ORDER DENYING CERTIFICATE OF APPEALABILITY *
Petitioner William Davenport seeks a certificate of appealability to appeal the district court’s dismissal of his § 2254 habeas corpus petition.
Petitioner was charged with one count of first-degree murder and five counts of attempted first-degree murder. His first trial ended in a hung jury, but he was convicted of all charges in his second trial, at which the prosecution presented additional corroborating evidence that had not been introduced in his first trial. His direct appeal and state post-conviction challenges were unsuccessful.
In this federal habeas petition, Petitioner raised five claims for relief, relating to (1) the admission of DNA evidence from a glove found at the scene of the crime; (2) the admission of a bartender’s testimony that two African-American males agreed that they were “going to do this” as they left his bar at about 2 a.m., shortly before the crime occurred at a different bar located less than a block away 1 (State Tr. CD at 3282); (3) the trial court’s refusal to give two requested jury instructions; (4) the allegedly suggestive identification of Petitioner by a prosecution witness for the first time at trial; and (5) alleged ineffective assistance of counsel based on defense counsel’s failure to call an expert witness to undermine the reliability of eyewitness identification at the second trial.
The district court held that Petitioner’s challenges to the DNA evidence and the bartender’s testimony were procedurally defaulted because his state-court arguments on these issues had been based entirely on state law, not federal law, and his brief citation to the Fifth and Fourteenth Amendments at the conclusion of his state-law arguments was insufficient to put the state court on notice that he was raising a federal constitutional claim.
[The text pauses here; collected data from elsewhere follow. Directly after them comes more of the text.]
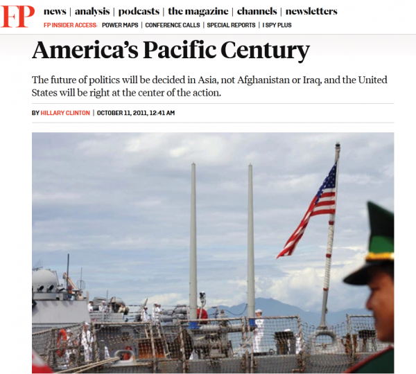 2011年《外交政策》刊登希拉里•克林頓文章《美國的太平洋世紀》
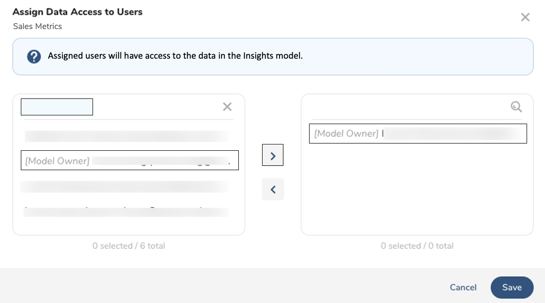 - Search for the user that created this Insights model. You must type in the user's name. You cannot search with "Model Owner".
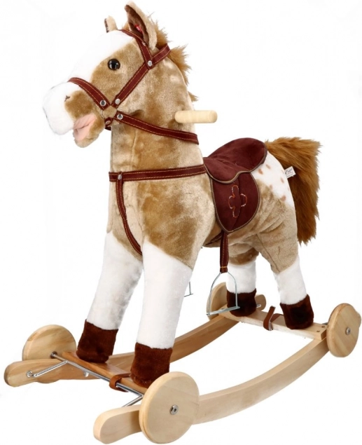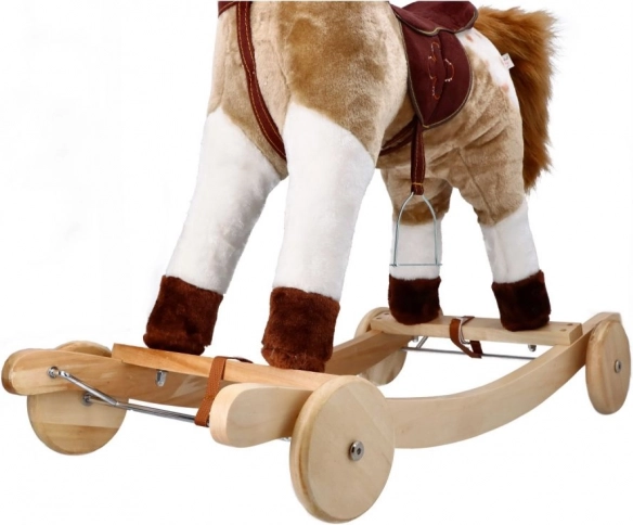 Dětský houpací kůň Mustang s kolečky nabízí realistický zážitek z jízdy pro malé dobrodruhy. Díky kombinaci dřeva a textilu je kůň jak pevný, tak i měkký.
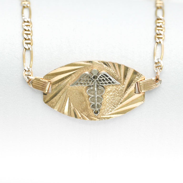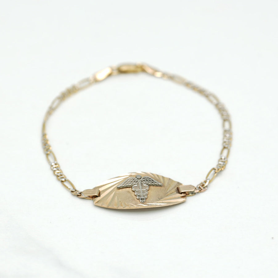 Unisex bracelet - 10K two-tone yellow & white medical gold with 7" diamond-cut figaro links - BRG171
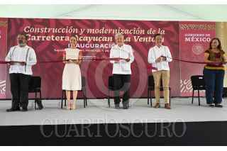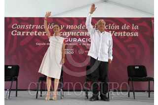 SAYULA DE ALEMÁN, 04AGOSTO2024.- Jorge Nuño Lara, Secretario de Infraestructura, Comunicaciones y Transportes; Claudia Sheinbaum Pardo, Presidenta Electa de México; Andrés Manuel López Obrador, Presidente Constitucional de México; Rocío Nahle, gobernadora electa de Veracruz, y Cuitláhuac García, gobernador constitucional de Veracruz, encabezaron la inauguración de la carretera Acayucan-La Ventosa, en Unidad Deportiva Sayula de Alemán. FOTO: PRESIDENCIA/CUARTOSCURO.COM
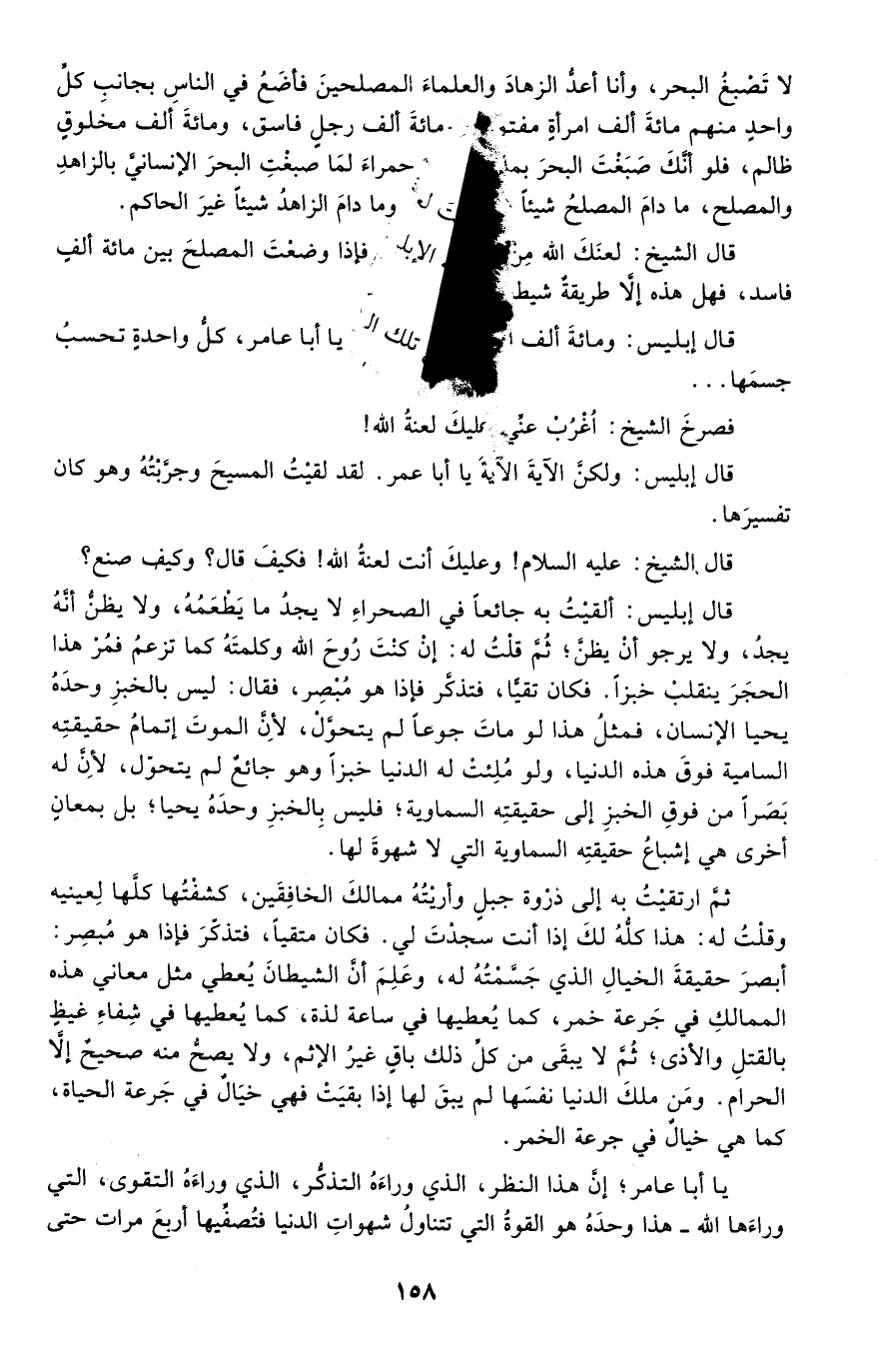 لا تصبغ البحر، وأنا أعد الزهاد والعلماء المصلحين فأضع في الناس بجانب كل واحد منهم مائة ألف امرأة مفتونة، ومائة ألف رجل فاسق، ومائة ألف مخلوق ظالم، فلو أنك صبغت البحر بملء قارورة حمراء لما صبغت البحر الإنساني بالزاهد والمصلح، ما دام المصلح شيئا غير السيف، وما دام الزاهد شيئا غير الحاكم.

See, e.g., Zuniga v. Falk, 618 F. App’x 407, 411 (10th Cir. 2015). As for Petitioner’s other claims, the district court considered each of them in detail and ultimately concluded that Petitioner was not entitled to relief under § 2254. See Frost v. Pryor, 749 F.3d 1212, 1223 (10th Cir. 2014) (“We may issue the writ only when the petitioner shows there is no possibility fairminded jurists could disagree that the state court’s decision conflicts with the Supreme Court’s precedents․ If this standard is difficult to meet—and it is—that is because it was meant to be.” (internal quotation marks and brackets omitted) ).
After thoroughly reviewing Petitioner’s brief and the record on appeal, including Petitioner’s state-court filings and the transcripts of both jury trials, we are persuaded that reasonable jurists would not debate the correctness of the district court’s rulings. See Slack v. McDaniel, 529 U.S. 473, 484, 120 S.Ct. 1595, 146 L.Ed.2d 542 (2000). For substantially the same reasons given by the district court, we DENY Petitioner’s request for a certificate of appealability and DISMISS the appeal. Petitioner’s motion to proceed in forma pauperis on appeal is GRANTED.
FOOTNOTES
1. Although the bartender did not testify that he recognized Petitioner from the bar, a detective testified that he had identified Petitioner and his brother on the bar’s surveillance video from that night. The jury also viewed this surveillance video, which is part of the record on appeal. The video shows that one of the African-American men was wearing gloves inside the bar, consistent with the bartender’s testimony that one of the men—the one who asked if they were “going to do this”—was wearing gloves.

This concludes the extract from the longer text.